Por uma arte sem adjectivos*

* Hoje no Jornal do Centro, nas bancas e aqui

1. Amainada a turbulência que se seguiu ao 25 de Abril de 1974, muita da energia que tinha investido na “revolução” transferiu-se da política para a militância sociocultural (era assim que então se dizia), contribuindo para o predomínio das esquerdas na cultura portuguesa.

Isto é, pedindo ajuda a Walter Benjamim: depois do horrível xarope da “estetização da política que o fascismo pratica[va]”, passámos a engolir o xarope pouco melhor da “politização das artes”. 

Grosso modo, para aquela malta, o político precede e determina sempre o estético. Quase tudo era mais “socio” do que “cultural”, quase tudo era chato, quase tudo era um atraso de vida. 

E, claro, apareceu quem reagisse àquela estopada. Por exemplo, eu e os meus colegas de então na direcção do Cine Clube de Viseu, insatisfeitos com aquele panorama, tratámos de procurar e achar cinema que fosse “rebelde sem causa”, escolhemos filmes sem adjectivos nem politiquices. E eles estavam a chegar-nos de todos os lados: abençoados Almodóvar, Fassbinder, Cassavetes, Hitchcock, Pasolini, César Monteiro, ...


2. Ora, nestes dias que vivemos de polarização identitária e de guerras culturais, o “militante” de camisa de xadrez de há quarenta anos deu lugar ao “activista” tatuado de hoje que põe sempre um adjectivo qualquer à frente do seu produto artístico. Agora é sempre qualquer coisa “queer”, ou “feminista”, ou “verde”, ou o diabo a quatro. Um bocejo grávido de “virtude” e de “causas” e de “lutas”.

E o nosso jornalismo cultural parece conformado com este estado de coisas.

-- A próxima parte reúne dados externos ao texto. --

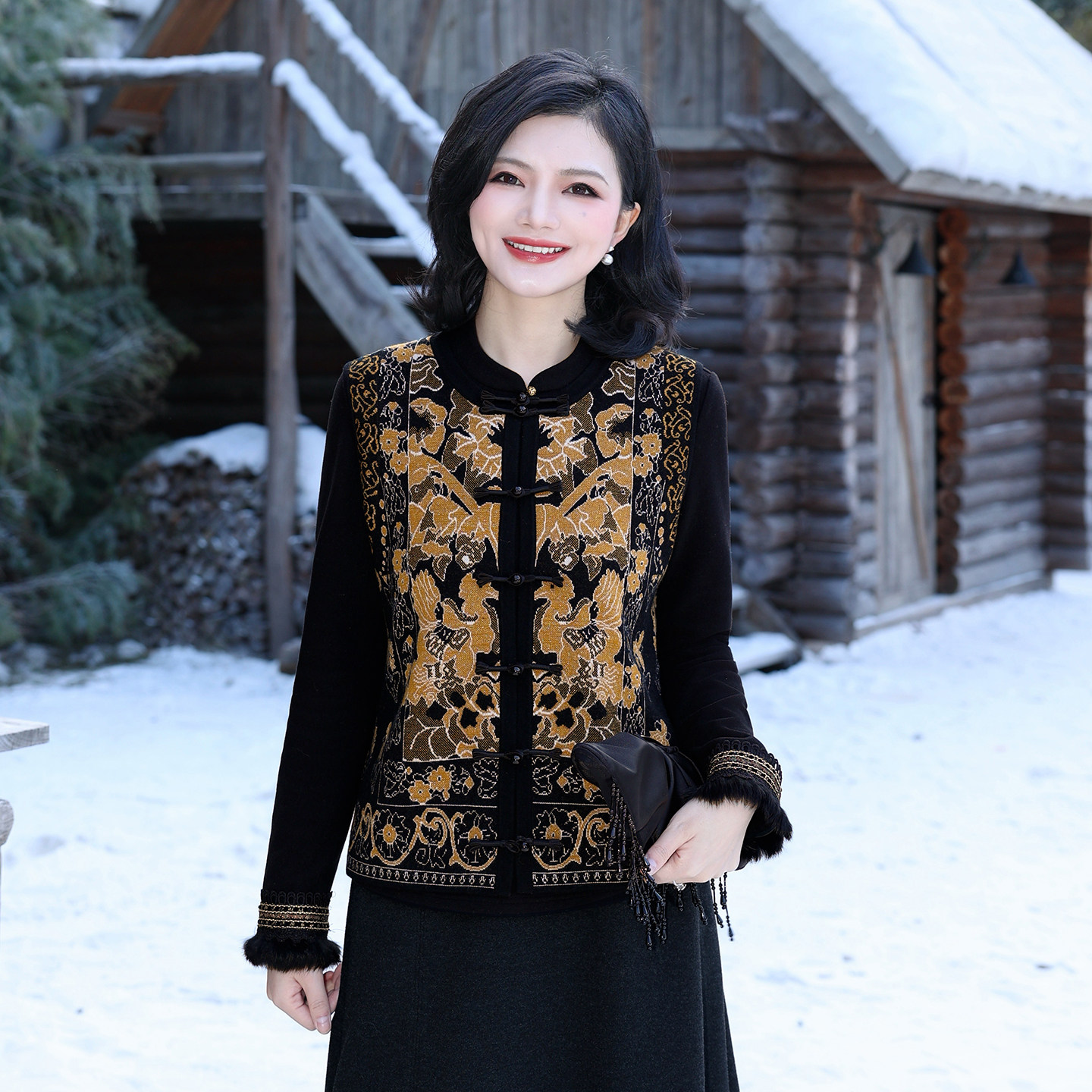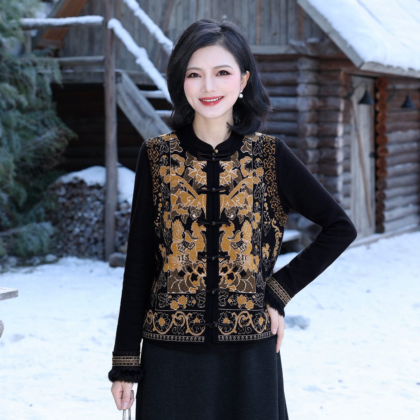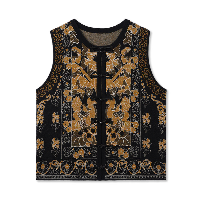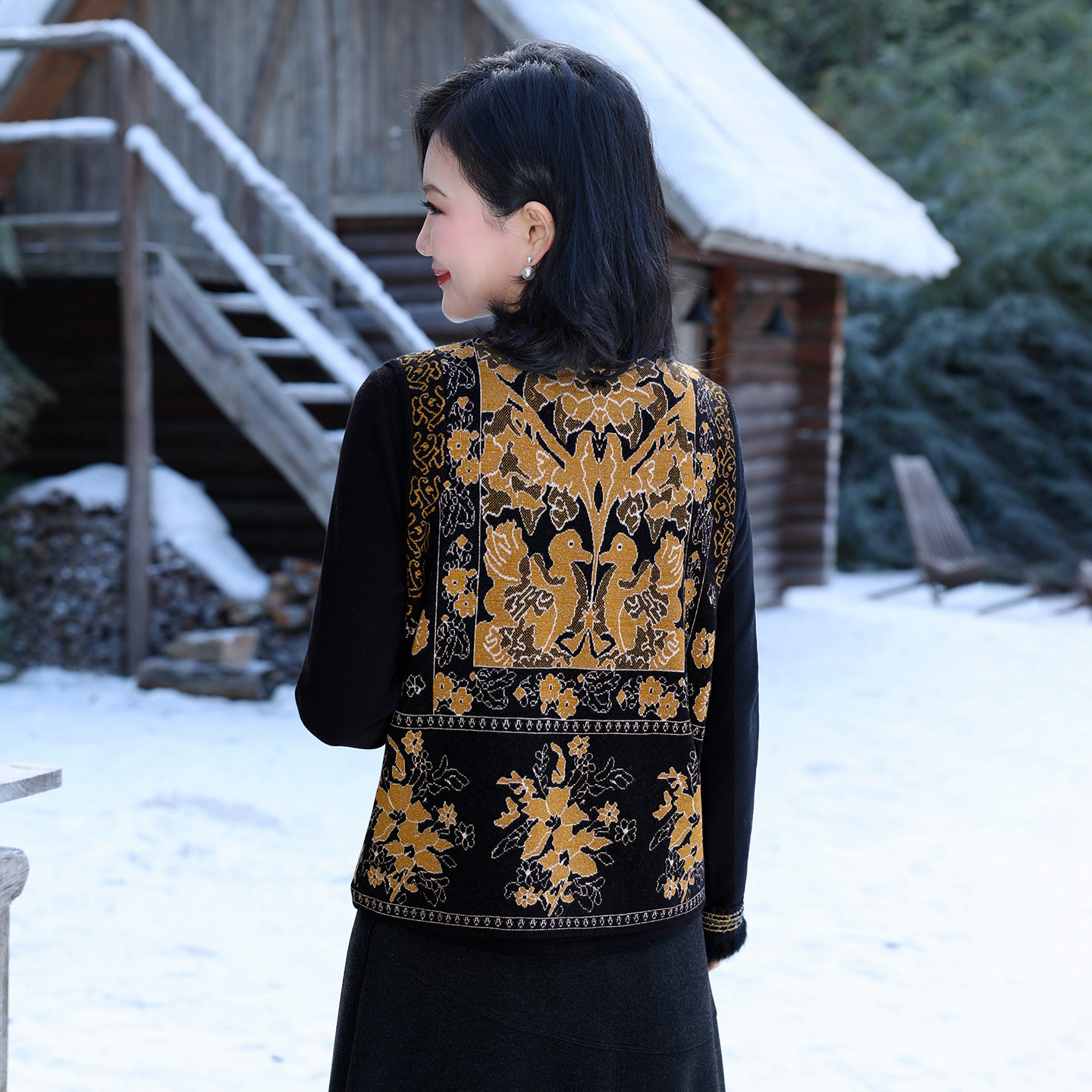 枫竺新中式国风定位花提花盘扣全羊毛针织马甲女秋冬坎肩叠穿背心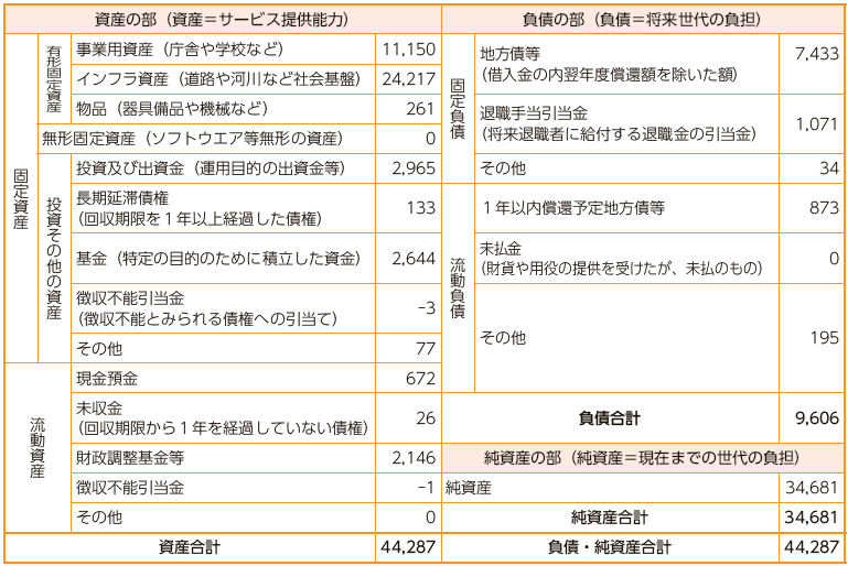 上の表は、4つの財務諸表の内の一つである「貸借対照表」です。町が所有している資産や、これから返済していかなければならない地方債などの負債がどれくらいあるのかを確認することができます。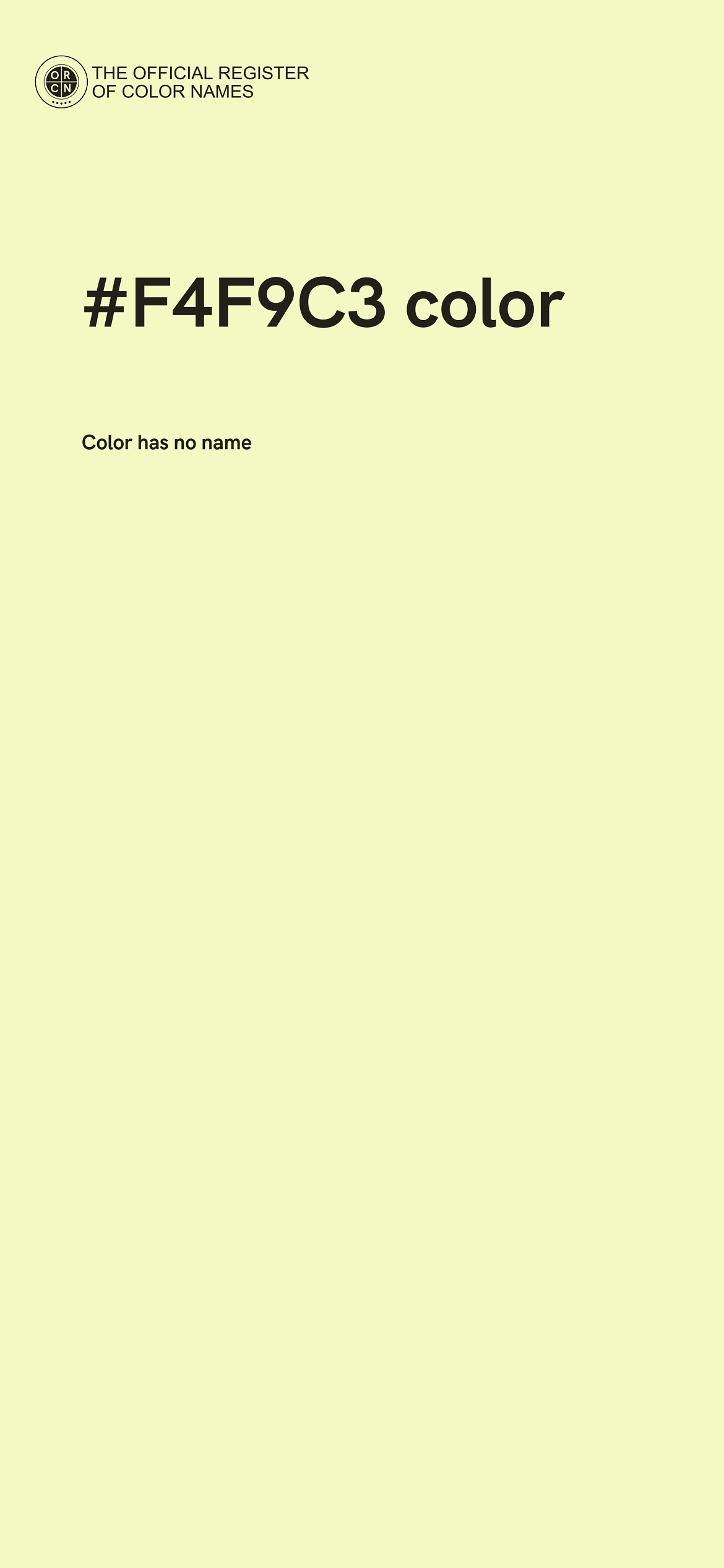 For printing in non digital world, #F4F9C3 is represented in CMYK as 2 Cyan, 0 Magenta, 21 Yellow, and 2 Black (Key) (C:2 M:0 Y:21 K:2).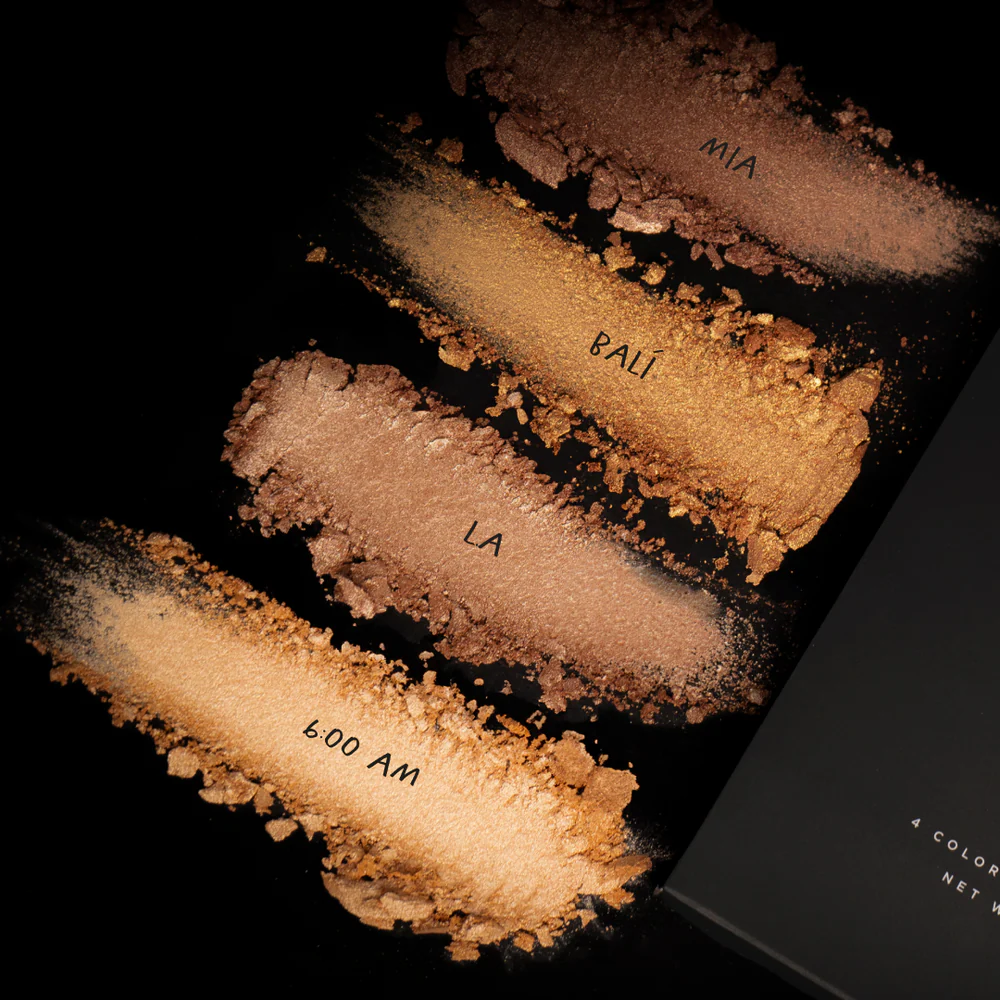 ESTA PALETA DE ILUMINADORES CUENTA CON 4 TONOS ENTRE DORADOS Y ORO ROSA, DE ACABADO SATINADO Y ALTA PIGMENTACIÓN, IDEALES PARA APORTAR LUZ Y REALCE A TU ROSTRO.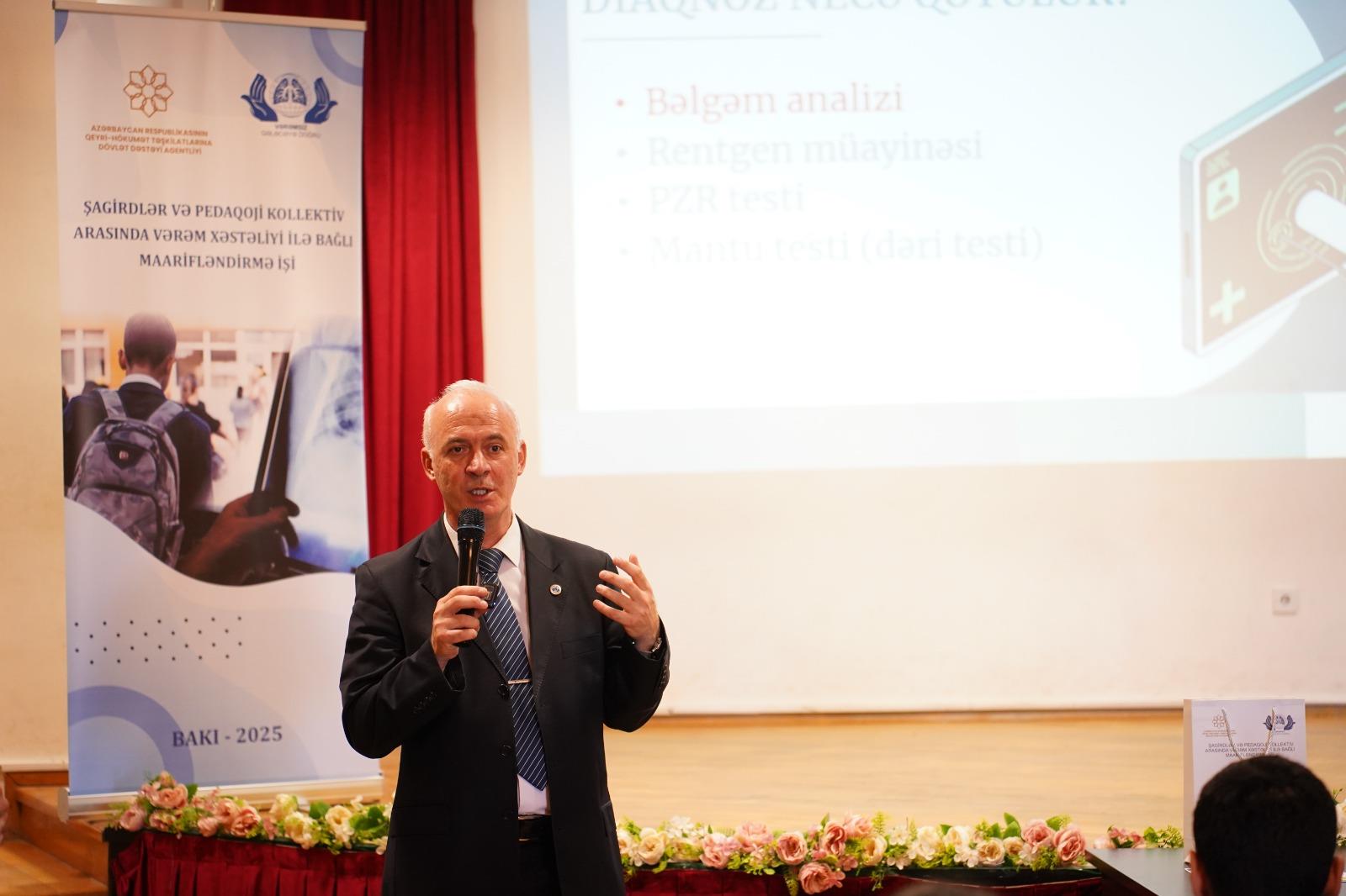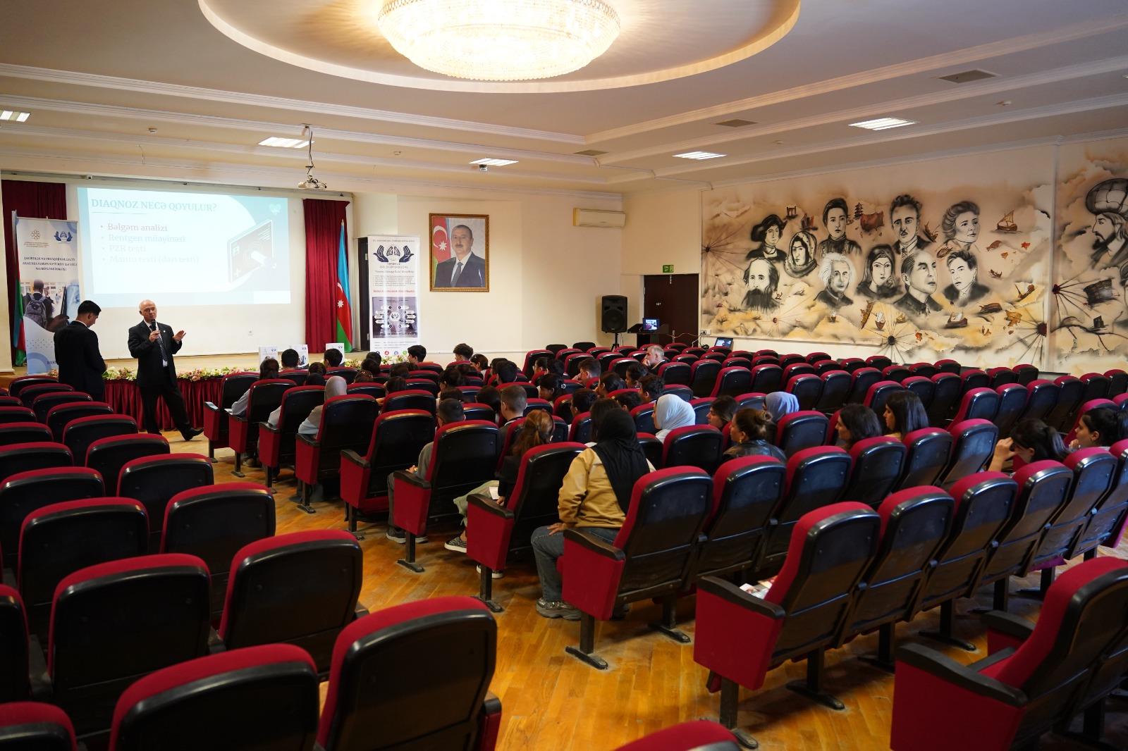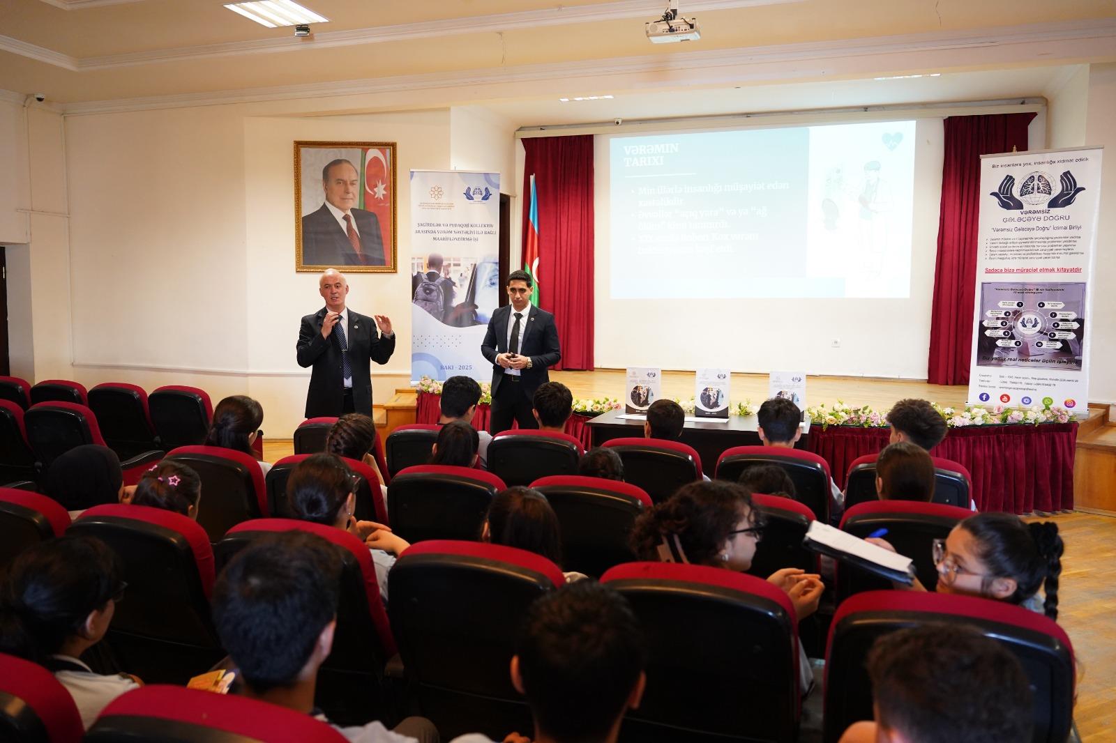 Həkim-mütəxəssislər tərəfindən vərəmin yaranma səbəbləri, onun əlamətləri, ötürülmə yolları və müasir müalicə üsulları barədə ətraflı məlumat təqdim olunub. Təqdimatlar zamanı iştirakçılarla interaktiv müzakirələr aparılıb, şagirdlərə müxtəlif suallar ünvanlanıb və onların bilik səviyyəsi qiymətləndirilib.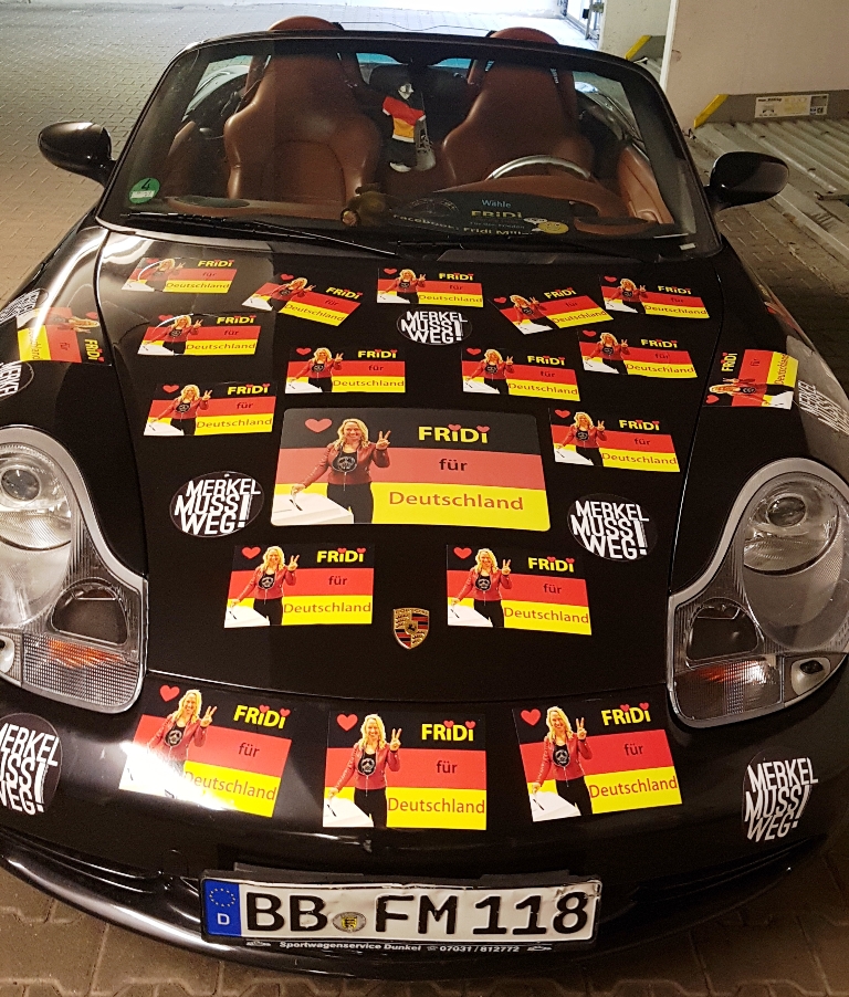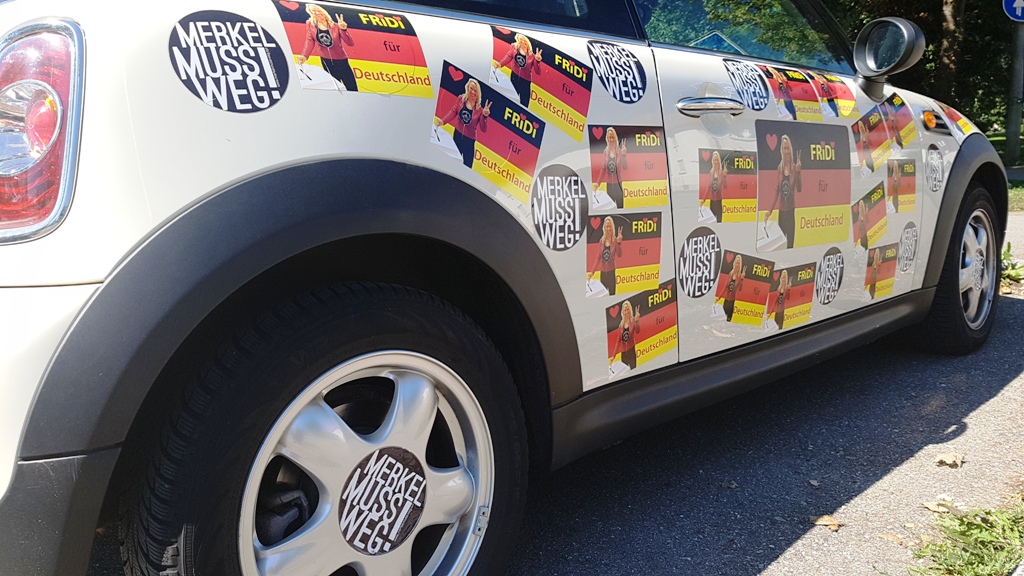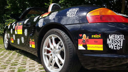 Die Merkel-muss-weg-Aufkleber sind beim Porsche längst komplett "weg" und beim Mini auch weitgehendst "weg", respektive überklebt, siehe Fotos im Anhang.

Fazia-lhe bem abrir a página 10 da última edição do “Argumento”, a revista de cinema do CCV, e ler o manifesto de Luís Nogueira:

“A arte não tem de resolver os problemas da sociedade, deve enfrentar os seus próprios problemas;

— não tem de suprir carências e injustiças, deve superar as suas próprias limitações e fracassos;

— não tem de se medir pelo bem nem pelo bom, mas pelo belo e o sublime (e o grotesco e o feio);

— não tem de melhorar a vida, deve transmutá-la e celebrá-la (e, no limite, ignorá-la)”.

E este manifesto tem mais quinze parágrafos tão iluminantes e merecedores de atenção quanto estes quatro.